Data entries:

========================================

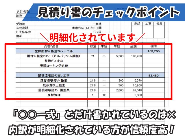 ✅ 2. 見積書が明細化されている(「○○一式」とだけ書かれていない)
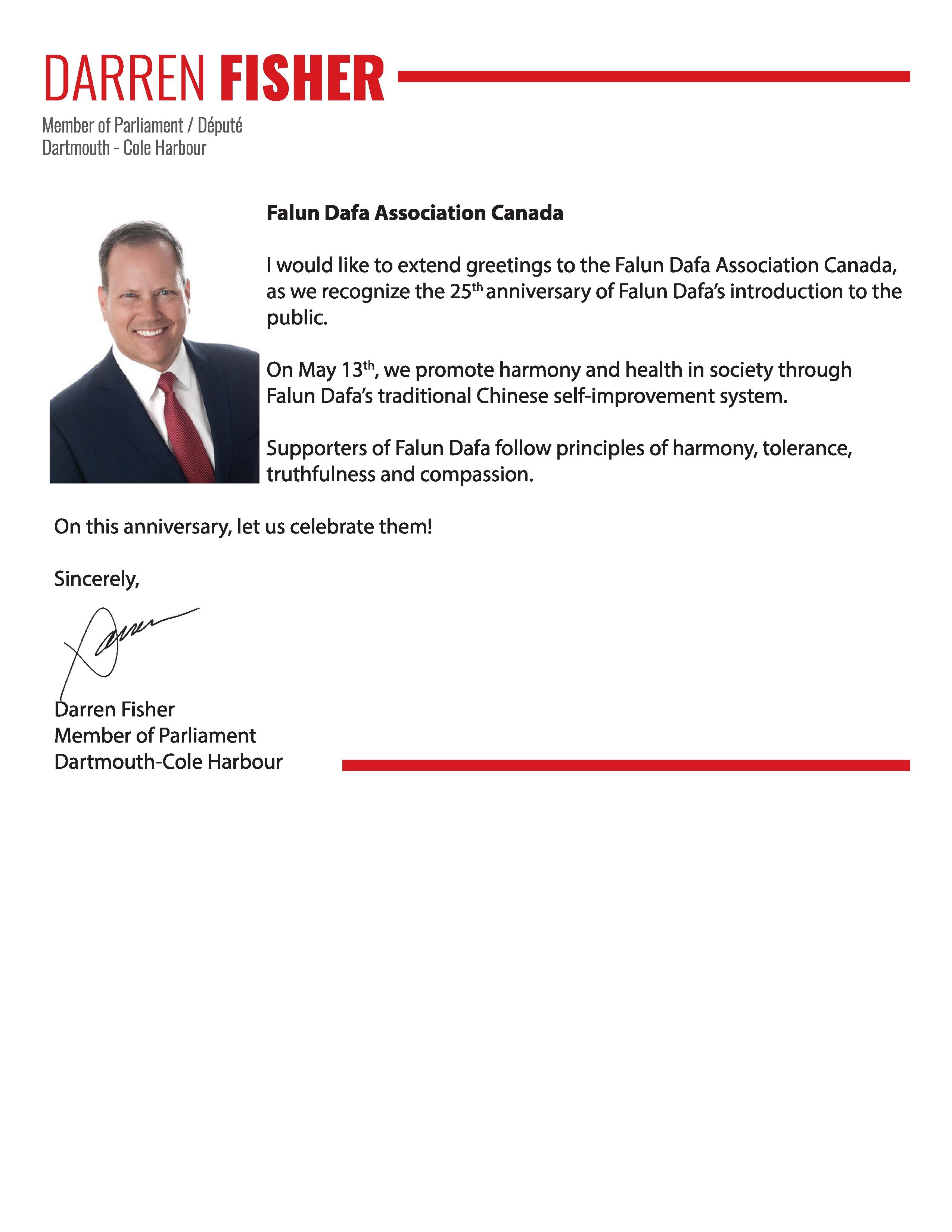 新斯科舍省Dartmouth-Cole Harbour选区联邦国会议员Darren Fisher在贺信中写道:“在我们纪念法轮大法传世25周年之际,我要向加拿大法轮大法学会表达我的问候。”他在贺信中表示:“法轮大法用传统的中国自我提升理念为社会带来了和谐与健康,在5月13日这一天,我们将其推而广之。”
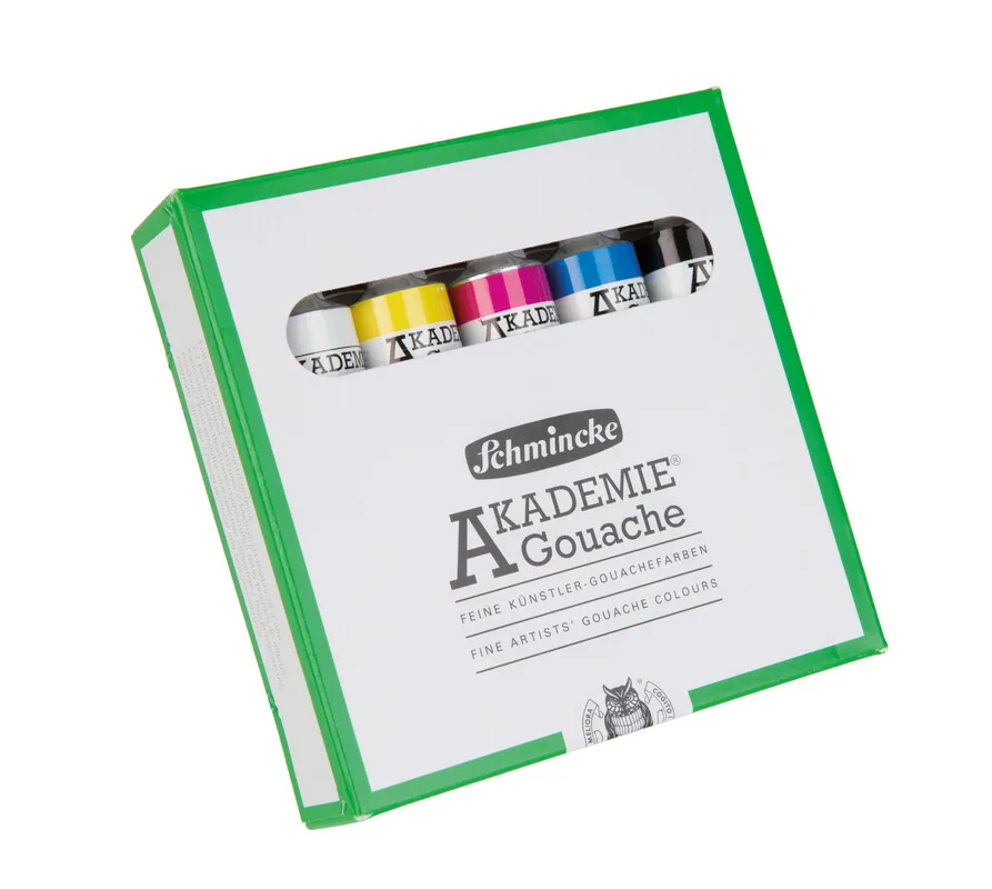 Descubre el Set Akademie Gouache de Schmincke, que incluye cinco tubos de 20 ml cada uno, que contienen colores primarios en formato CMYK.
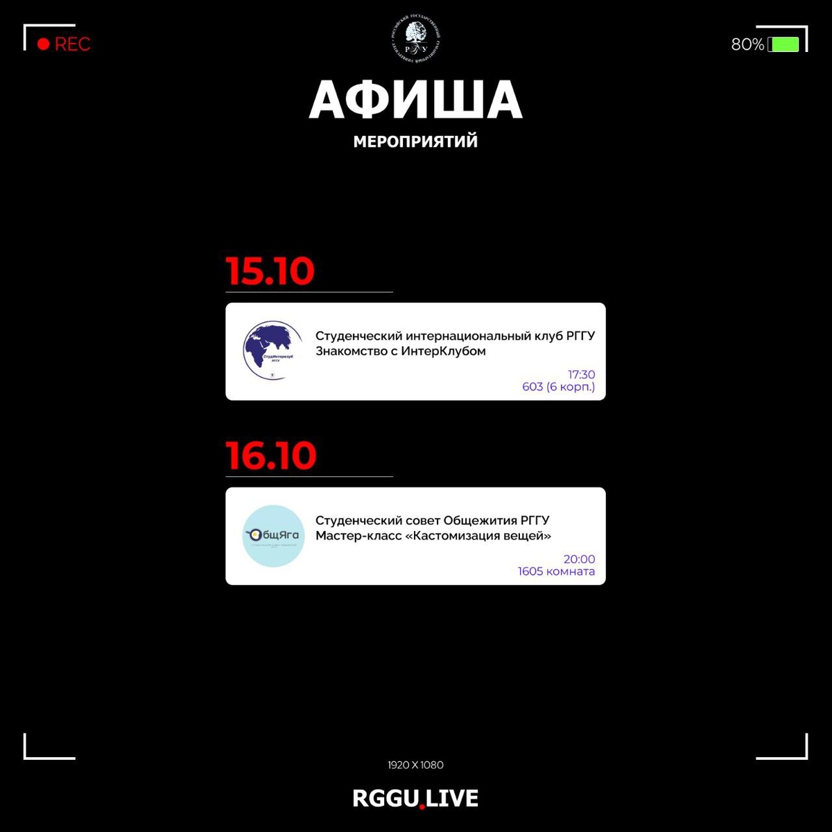 🥳 Афиша предстоящих мероприятий 📢 Студенческий интернациональный клуб РГГУ приглашает на знакомство с ИнтерКлубом 📌 15.10/ 17:30/ 603 (6 корп.) Подробнее здесь 👈 📢 Студенческий совет Общежития РГГУ организует мастер-класс «Кастомизация вещей» 📌 16.10/ 20:00/ 1605 комната (ул. Кировоградская, д. 25) Подробнее здесь 👈 ✍️ Мария Пиюк, 4 курс ФУ 🎨 Анна Дёмочко, 2 курс ФМиР ⚪ Подписывайся на RGGU.LIVE #РГГУ #СтудентРГГУ #АфишаРГГУ
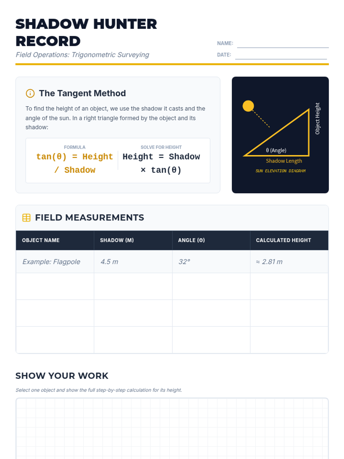 A field data collection sheet for students to record shadow lengths and calculate object heights using the tangent ratio. Includes space for work and reflection questions.
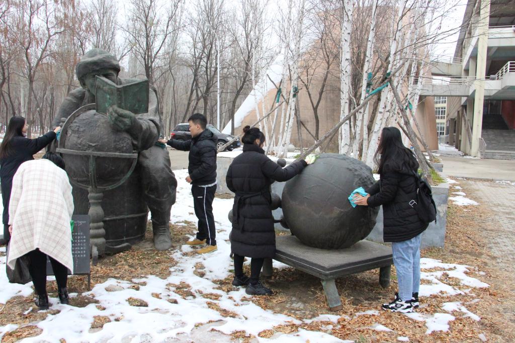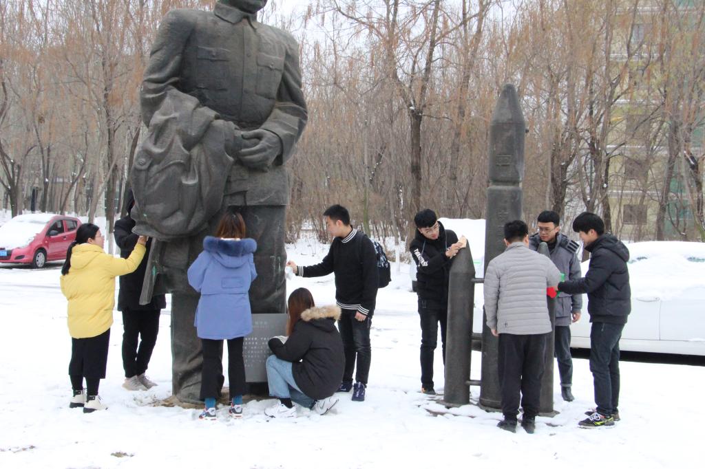 广场中心的主题雕塑“世纪之星”为沈阳市21世纪广场主题雕塑“科学巨匠世纪之梯”的顶部构件,是沈阳城市历史的时代标志之一。世纪之星四周为一组高大的伟人雕塑,分别为中国“两弹一星”奠基人钱学森,世界著名物理学家恩里科,费米和大陆漂移说的创始人魏格纳。各组员学习了解了三位伟人的先进事迹和思想,并认真清理雕像上的灰尘和积雪。

========================================

__Exercise instructions__: Apart from the pictures, write every entry out again exactly.

__Task solution__:
 ✅ 2. 見積書が明細化されている(「○○一式」とだけ書かれていない)
 新斯科舍省Dartmouth-Cole Harbour选区联邦国会议员Darren Fisher在贺信中写道:“在我们纪念法轮大法传世25周年之际,我要向加拿大法轮大法学会表达我的问候。”他在贺信中表示:“法轮大法用传统的中国自我提升理念为社会带来了和谐与健康,在5月13日这一天,我们将其推而广之。”
 Descubre el Set Akademie Gouache de Schmincke, que incluye cinco tubos de 20 ml cada uno, que contienen colores primarios en formato CMYK.
 🥳 Афиша предстоящих мероприятий 📢 Студенческий интернациональный клуб РГГУ приглашает на знакомство с ИнтерКлубом 📌 15.10/ 17:30/ 603 (6 корп.) Подробнее здесь 👈 📢 Студенческий совет Общежития РГГУ организует мастер-класс «Кастомизация вещей» 📌 16.10/ 20:00/ 1605 комната (ул. Кировоградская, д. 25) Подробнее здесь 👈 ✍️ Мария Пиюк, 4 курс ФУ 🎨 Анна Дёмочко, 2 курс ФМиР ⚪ Подписывайся на RGGU.LIVE #РГГУ #СтудентРГГУ #АфишаРГГУ
 A field data collection sheet for students to record shadow lengths and calculate object heights using the tangent ratio. Includes space for work and reflection questions.
 广场中心的主题雕塑“世纪之星”为沈阳市21世纪广场主题雕塑“科学巨匠世纪之梯”的顶部构件,是沈阳城市历史的时代标志之一。世纪之星四周为一组高大的伟人雕塑,分别为中国“两弹一星”奠基人钱学森,世界著名物理学家恩里科,费米和大陆漂移说的创始人魏格纳。各组员学习了解了三位伟人的先进事迹和思想,并认真清理雕像上的灰尘和积雪。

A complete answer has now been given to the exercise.